Saturday, January 28, 2017

Ich Nibber Dibber (Sydney Festival)


Ich Nibber Dibber by post.  Campbelltown Arts Centre, January 20, 21, 27, 28, 2017.

Post, Lead Artists – Mish Grigor, Zoë Coombs Marr and Natalie Rose

Designers: Lighting and Production Manager – Fausto Brusamolino; Set and Costume – Michael Hankin; Sound – James Brown
Dramaturg – Anne-Louise Sarks

Reviewed by Frank McKone
January 27

Ich Nibber Dibber is a new genre which I term ‘sit-up comedy’, rather than old-hat standup.  Whether or not you could or should wash a hat, or throw it out when it gets too dirty and just get a new one, was quite an important issue.  As important as, if God is dead, as Nietzche said he was, now that Nietzche is also dead, how might he be feeling when he gets to heaven and finds that God isn’t dead after all?

The three women of the theatre company post spent their hour and ten, each perched up on a 2 metre post, draped in loose white material somewhere between a bedsheet and a wedding dress, and talked – regurgitating ten years’ worth of off-task banter from selfie videos actually recorded between their on-task writing sessions creating shows such as Oedipus Schmoedipus (reviewed on this blog January 25, 2014 and about to go on tour in South America!) and many others. 

I could also call it ‘reality theatre’, except that no-one got voted off.  This was because they laughed at each other as much as we laughed at (or rather, with) them, both during the performance and, for those of us who stayed, during the following Q&A session.

Their ten year odyssey began when Mish and Zoë were 18 and 19 and Nat was 43.  Burst of laughter.  23! says Natalie.  Fascinating how their manner of speaking, what my drama teacher called ‘acting acting’ – to prove that you know what you are doing – was just right for that young age, but gradually changed, to the almost subliminal background accompaniment of pop music to match the history, to the point where maturity raised the question of being over the hill (at 40! says Natalie, not 30!), looking down the barrel of middle-age and menopause.

What made me sit up, thinking back to my 1950s upbringing when women’s body parts were strictly never to be mentioned (still like Queen Victoria’s ankles in the nether regions), was the excruciating details provided of women’s internal bodily functions.  I know this is all cool, nowadays, because all the women around me (who constituted about 90% of the audience) were metaphorically tweeting LOVL – laughing out very loud!

The most excruciating image of giving birth, from Natalie – whose efforts were being videoed (you never know, we might be able to use this in a show), except that the computer had 1950s qualms (probably overheating) and switched itself off for the climactic moment – was when she described herself in the “push” phase as feeling like a Bodum coffee plunger (except that all the mucky stuff came out the bottom).  Bottoms and what come out of them also got a good run with repeats throughout the rapid fire talk.

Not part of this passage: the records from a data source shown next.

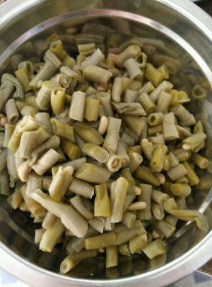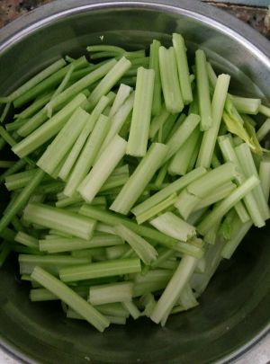 热锅凉油放姜蒜辣椒爆炒出香味,放肥肠爆炒,加少量米酒去骚味,加酱油!接着放入酸豆粒香芹番炒一下就OK了!
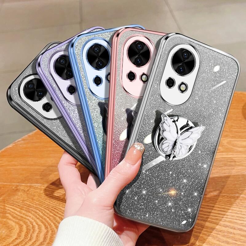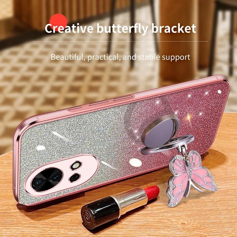 Θήκη κινητού τηλεφώνου Huawei nova 12 Pro Επικαλυμμένη Διαβαθμισμένη Λάμψη Πεταλούδα TPU (Ροζ)
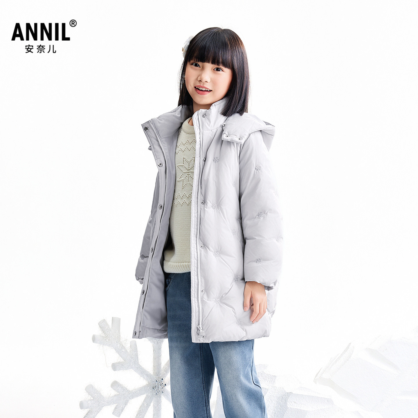 【商场同款】安奈儿童装女童中长款羽绒服冬新款保暖AG545389
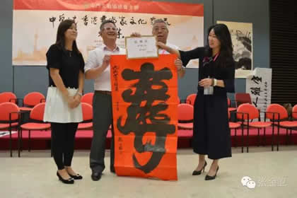 本次活动代表团团长、国际中国书画家交流促进会副会长覃汉龙先生向出席活动主礼嘉宾屯门区龙瑞卿议员赠送此行代表团团员赵进才先生书法作品
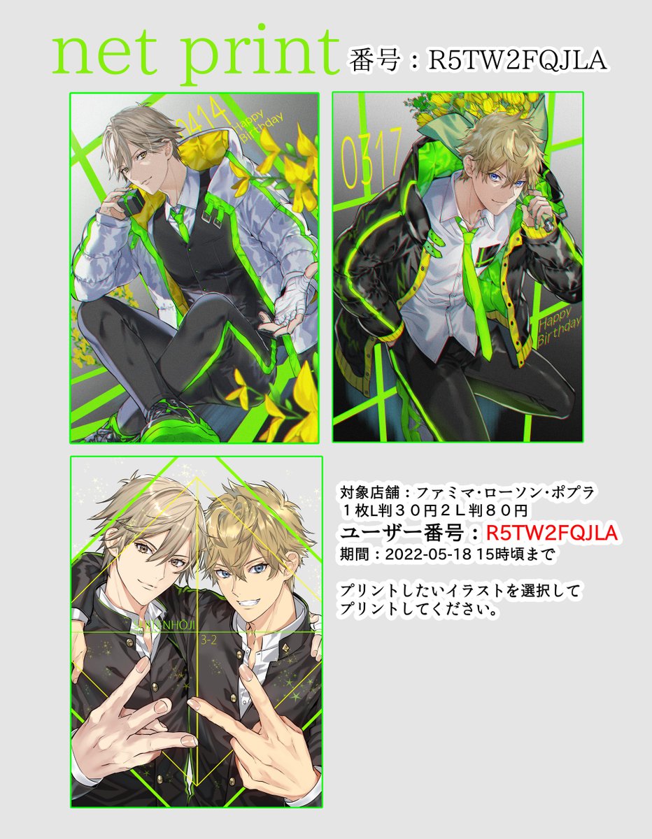 白石と謙也誕生日イラストと3-2の日のイラストのネップリ始めました。 ファミマ・ローソン・ポプラで印刷可能 ユーザー番号:R5TW2FQJLA 期間:2022-05-18 15時頃まで 印刷したいイラストを選択して印刷してください。 1枚につきL判30円2L判80円 #白石蔵ノ介誕生祭2022 #忍足謙也誕生祭2022

One experience I missed back in 1972 was to read Ways of Seeing by John Berger.  The women’s talk included Mish looking up on her phone and quoting what he wrote about how women are always conscious of how they appear to others, to men and to other women, so they are always “seeing themselves” as if they are an art object.  This took the show out of continually divergent apparently silly but very funny talk for just a minute or so, but to me seemed to be the serious theme behind these women’s work.

Discussion in the Q&A gave them the opportunity to talk about how, as young actors still in youth theatre orbit, they had had to learn that they had no choice about being seen by their audience as female, and how, in accepting that fact, they could present women on stage in new ways.  Oedipus Schmoedipus was a great example, where blood all over them took on new meanings, especially for men in the audience, as well as confirming for women what they already knew.

This led as well to talk about the business of being actors and designing a performance of themselves changing over the ten years.  Although their actual talk as originally recorded seemed discontinuous, they found themselves editing out (though keeping the true timeline) and so realised that there is a story – a through line – about their developing maturity, in contrast to their other shows where absurdist discontinuity was the experimental theatre mode.

So once again the Sydney Festival has produced a winner, and a very interesting comparison about the perception of women to put alongside the very successful humorous and emotionally affecting transgender presentation from Canada: Tomboys Survival Guide (reviewed here January 26, 2017). 

Maybe I can retitle these women’s teenage-nonsense-German Ich Nibber Dibber as the Upfront Modern Women’s Comedy Better Than Survival Guide.